Stored data entries
□ □ □
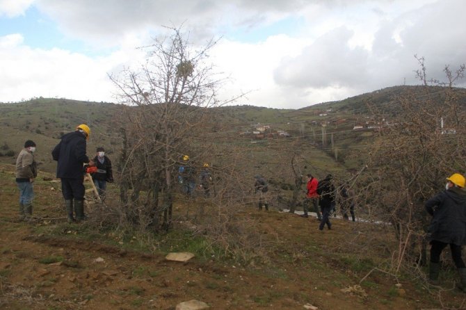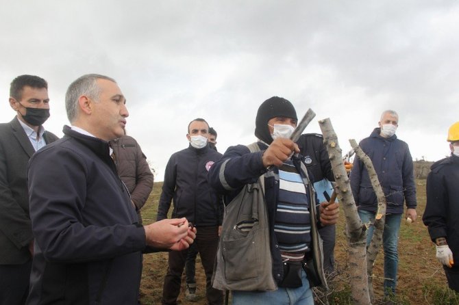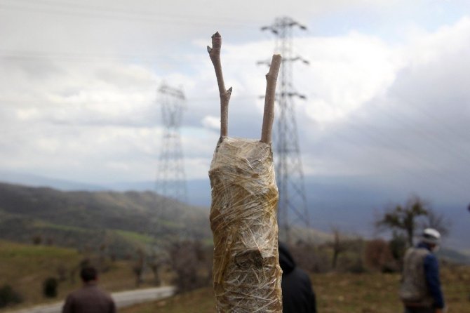 Manisa'nın Kula ilçesinde ahlat ağaçlarının aşılanarak yeniden ekonomiye kazandırılacağı projedeki çalışmaları yerinde inceleyen Manisa İl Tarım...
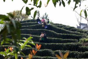 2026年3月24日,贵州省黔东南苗族侗族自治州岑巩县天马镇苗落村生态茶园里,采茶工在采摘新鲜春茶。 春风拂过山岗,茶芽吐露新绿。眼下,贵州省岑巩县茶园迎来春茶采摘期,天马镇苗落村生态茶园,漫山茶树新芽竞绽,翠绿欲滴、茶香四溢,勾勒出一幅生机盎然的春茶画卷。 据悉,岑巩县天马镇茶园总面积1万余亩,投产面积0.89万亩,主要种植福鼎大白等品种,有950亩茶园获欧标与有机认证。2025年实现年产量500吨、产值1560万元,产品畅销北京、上海、广州等一线城市,还通过间接出口远销东南亚、欧洲等多个国家。
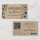 Floral Wreath Handmade | Handcrafted Kraft Paper Business Card -- Features line art flowers wrapping the left and right sides of the front of the card, along with your business name and website address. On back is a customisable QR Code for web address of your choosing, your tag line on the top right with a line and your name below. The bottom left features optional template fields for your office and cell phone numbers as well as your email address. The bottom right features a variety of social media icons--you can use these for this purpose, swap them for icons of your choosing or delete them altogether. All colours, text and backgrounds are editable.
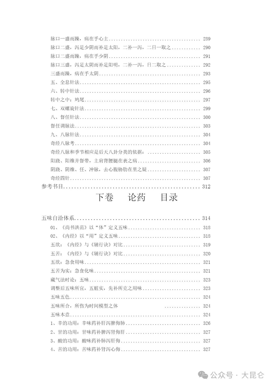 OCR:IMG:脉口一盛面躁,病在手心主。 289 脉口二盛,泻足少阴面补足太阳,二补一泻,二日一取之 290 脉口二盛面躁,病在手少阴.. 291 脉口三盛,泻足太阴而补足阳明,二补一泻,日二取之.. 292 三盛而躁,病在手太阴。 293 五、全息针法.. 295 六、转中针法 296 转中之中:鸠尾 297 七、双螺旋针法 299 八、督任针法、 300 督任调脉法。 303 九、八脉针法、 304 奇经八脉考 304 奇经八脉和季节相应是后天八卦分类的依据: 305 阳晓、阳维并督带,主肩背腰腿在表之病 306 阴晓、阴维、任、冲脉,去心腹胁肋在里之疑。 307 奇经四针 307 参考书日. 312 下卷 论药 目录 五味自洽体系.. 314 01、《尚书洪范》以“体”定义五味 318 02、《内经》以“用”定义五味 318 五欲:《内经》与《辅行诀》对比.. 319 五苦:《内经》与《辅行诀》对比.. 320 五欲:急食用味 321 五苦为实:急食化味 321 藏气法时论:五味, 323 调整后五味所宜,五脏实,先补所克之用味 323 五味五色 324 五味所合,所伤为时间模型之体 324 五味本意 324 1、辛的功用:辛味药补肝泻脾侮肺 326 2、甘的功用:甘味药补脾泻肾侮肝 327 3、酸的功用:酸味药补肺泻肝侮 327 4、苦的功用:苦味药补肾泻心悔 327 公众号·大昆仑
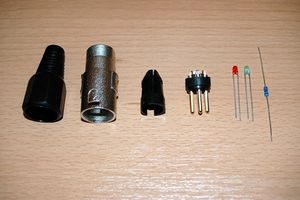 Diese Bauteile werden dann laut Schaltplan zusammengelötet, wobei die LED's "antiparallel" zueinander geschaltet werden. Antiparallel bedeutet: Beide LED's parallel zueinander, aber Anode (lang) jeweils an die Kathode (kurz) der anderen LED und umgekehrt. Das ist zwar ein wenig fummelarbeit aber durchaus noch einfach zu bewerkstelligen. Die LED's werden in Reihe mit dem Widerstand geschaltet, und dann zwischen die Stecker-Pins 2 und 3 gelötet. Nun folgt eine erste Funktionskontrolle. Den zusammengelöteten Stecker einfach in eine DMX-Out oder Anstelle des DMX-Geräts ans Ende des XLR-Kabels stecken. Wenn die beiden LED's leuchten, hat sich die Fummelei gelohnt. Nun die Höhe der LED's bitte so justieren, dass sie im verschraubten Zustand des Steckers leicht aus dem Steckergummi hinausgucken. ACHTUNG: Die Zugentlastung des Kabels kann nicht herausgenommen werden, da sie zum Spannen des Steckerinnenteils benötigt wird!! Nach einer weiteren Funktionskontrolle kann zur Sicherheit der Steckerinnenraum noch mit Silikon ausgefüllt werden. Dies schützt das Innenleben vor Feuchtigkeit und Erschütterungen.
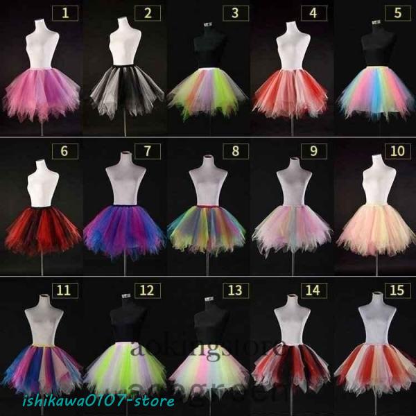 カラフル15色パニエ ボリューム感たっぷりのチュチュスカート、ふんわりボリュームアップ、ウエスト調節可能、大人用 18cqz08
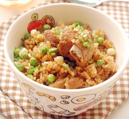 材料:新鲜排骨,速冻的青豆和玉米,普通米和糯米各半
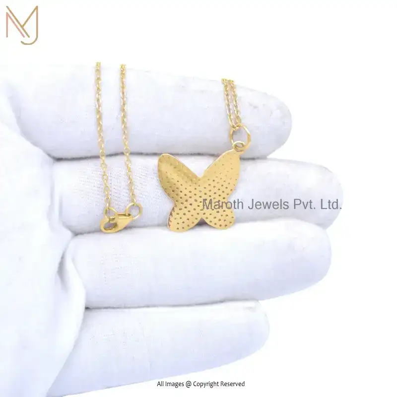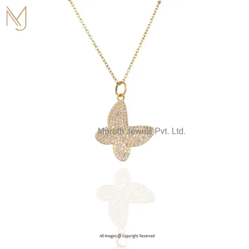 Wholesale 14K Yellow Gold Diamond Cubic Zircon Butterfly Pendant Jewelry
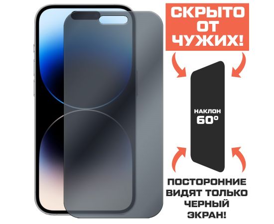 Стекло защитное гибридное Антишпион Krutoff для iPhone 14 Pro Max
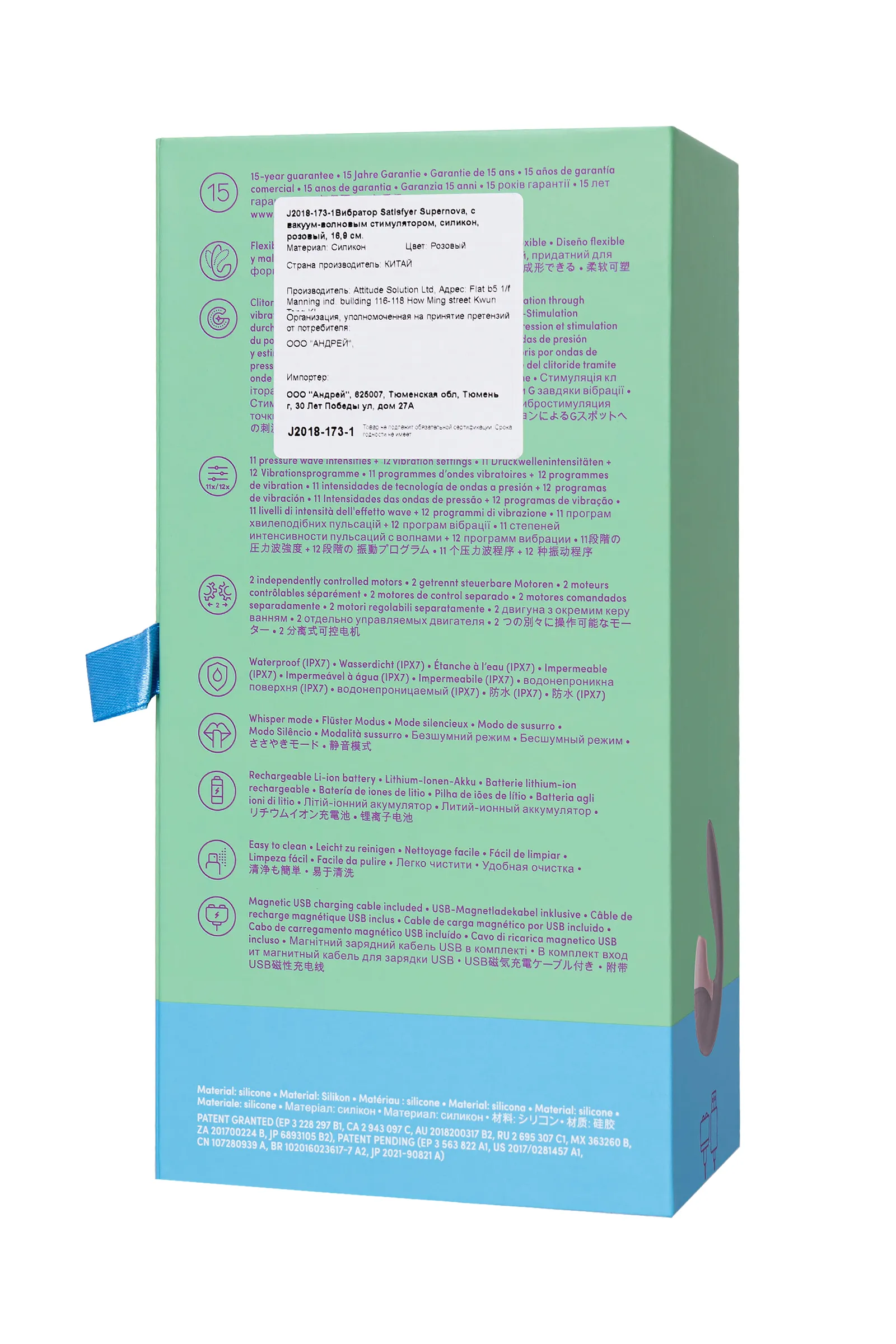 Supernova от Satisfyer способна подарить неземное блаженство и космические оргазмы. Многофункциональный стимулятор сочетает в себе лучшее от вибратора-кролика и вакуум-волнового стимулятора. Supernova стимулирует клитор воздушными пульсирующими волнами. Бесконтактная стимуляция клитора – новейшая запатентованная технология Air Pulse для женских оргазмов. В вашем распоряжении 11 уровней интенсивности вакуум-волновой стимуляции. Гибкая Supernova оказывает стимуляцию зоны G с помощью 10 режимов потрясающей вибрации. Погружной стержень легко регулируется до 45 градусов, подстраиваясь под анатомию каждой женщины. Два автономных мотора открывают множество вариаций воздушной пульсации и вибрации для самых масштабных оргазмов, которые когда-либо могли быть. Эргономичный дизайн продуман для комфортного использования. Широкое основание удобно помещается в ладони, позволяя совершать необходимые движения погружной частью, не отвлекаясь от внешней стимуляции. Потрясающий шелковистый на ощупь высококачественный гипоаллергенный силикон – визитная карточка бренда Satisfyer. Особенности: Возможность одновременного воздействия на клитор и зону G Управление кнопками на гибком корпусе. 10 режимов вибрации и 11 режимов волновой стимуляции. Мягкий, эластичный силикон без запаха, без аллергенов и вредных для здоровья веществ. 100% водонепроницаемый - IPX7. Время работы 60 минут. Перезаряжаемый, USB-кабель, время зарядки 3 часа.
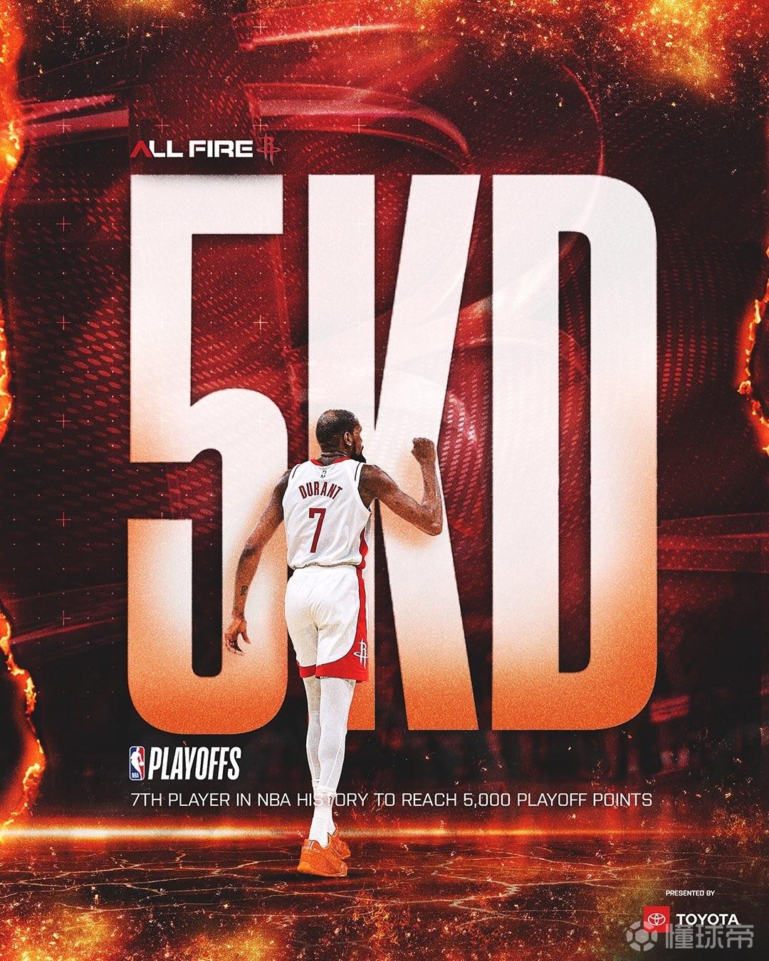 在第二节比赛中,杜兰特凭借一记急停抛投2+1,实现季后赛生涯总得分突破5000分大关,成为NBA历史第七位季后赛5000分先生,同时与勒布朗-詹姆斯成为现役唯二达成该里程碑的球员。
□ □ □
### What needs to be done
The response must match the data line for line, from its first line through the line with "OCR:IMG:脉口一盛面躁,病在手心主。 289 脉口二盛,泻足少阴面补足太阳,二补一泻,二日一取之", inclusive, and must leave out the pictures.

### Task answer
 Manisa'nın Kula ilçesinde ahlat ağaçlarının aşılanarak yeniden ekonomiye kazandırılacağı projedeki çalışmaları yerinde inceleyen Manisa İl Tarım...
 2026年3月24日,贵州省黔东南苗族侗族自治州岑巩县天马镇苗落村生态茶园里,采茶工在采摘新鲜春茶。 春风拂过山岗,茶芽吐露新绿。眼下,贵州省岑巩县茶园迎来春茶采摘期,天马镇苗落村生态茶园,漫山茶树新芽竞绽,翠绿欲滴、茶香四溢,勾勒出一幅生机盎然的春茶画卷。 据悉,岑巩县天马镇茶园总面积1万余亩,投产面积0.89万亩,主要种植福鼎大白等品种,有950亩茶园获欧标与有机认证。2025年实现年产量500吨、产值1560万元,产品畅销北京、上海、广州等一线城市,还通过间接出口远销东南亚、欧洲等多个国家。
 Floral Wreath Handmade | Handcrafted Kraft Paper Business Card -- Features line art flowers wrapping the left and right sides of the front of the card, along with your business name and website address. On back is a customisable QR Code for web address of your choosing, your tag line on the top right with a line and your name below. The bottom left features optional template fields for your office and cell phone numbers as well as your email address. The bottom right features a variety of social media icons--you can use these for this purpose, swap them for icons of your choosing or delete them altogether. All colours, text and backgrounds are editable.
 OCR:IMG:脉口一盛面躁,病在手心主。 289 脉口二盛,泻足少阴面补足太阳,二补一泻,二日一取之 290 脉口二盛面躁,病在手少阴.. 291 脉口三盛,泻足太阴而补足阳明,二补一泻,日二取之.. 292 三盛而躁,病在手太阴。 293 五、全息针法.. 295 六、转中针法 296 转中之中:鸠尾 297 七、双螺旋针法 299 八、督任针法、 300 督任调脉法。 303 九、八脉针法、 304 奇经八脉考 304 奇经八脉和季节相应是后天八卦分类的依据: 305 阳晓、阳维并督带,主肩背腰腿在表之病 306 阴晓、阴维、任、冲脉,去心腹胁肋在里之疑。 307 奇经四针 307 参考书日. 312 下卷 论药 目录 五味自洽体系.. 314 01、《尚书洪范》以“体”定义五味 318 02、《内经》以“用”定义五味 318 五欲:《内经》与《辅行诀》对比.. 319 五苦:《内经》与《辅行诀》对比.. 320 五欲:急食用味 321 五苦为实:急食化味 321 藏气法时论:五味, 323 调整后五味所宜,五脏实,先补所克之用味 323 五味五色 324 五味所合,所伤为时间模型之体 324 五味本意 324 1、辛的功用:辛味药补肝泻脾侮肺 326 2、甘的功用:甘味药补脾泻肾侮肝 327 3、酸的功用:酸味药补肺泻肝侮 327 4、苦的功用:苦味药补肾泻心悔 327 公众号·大昆仑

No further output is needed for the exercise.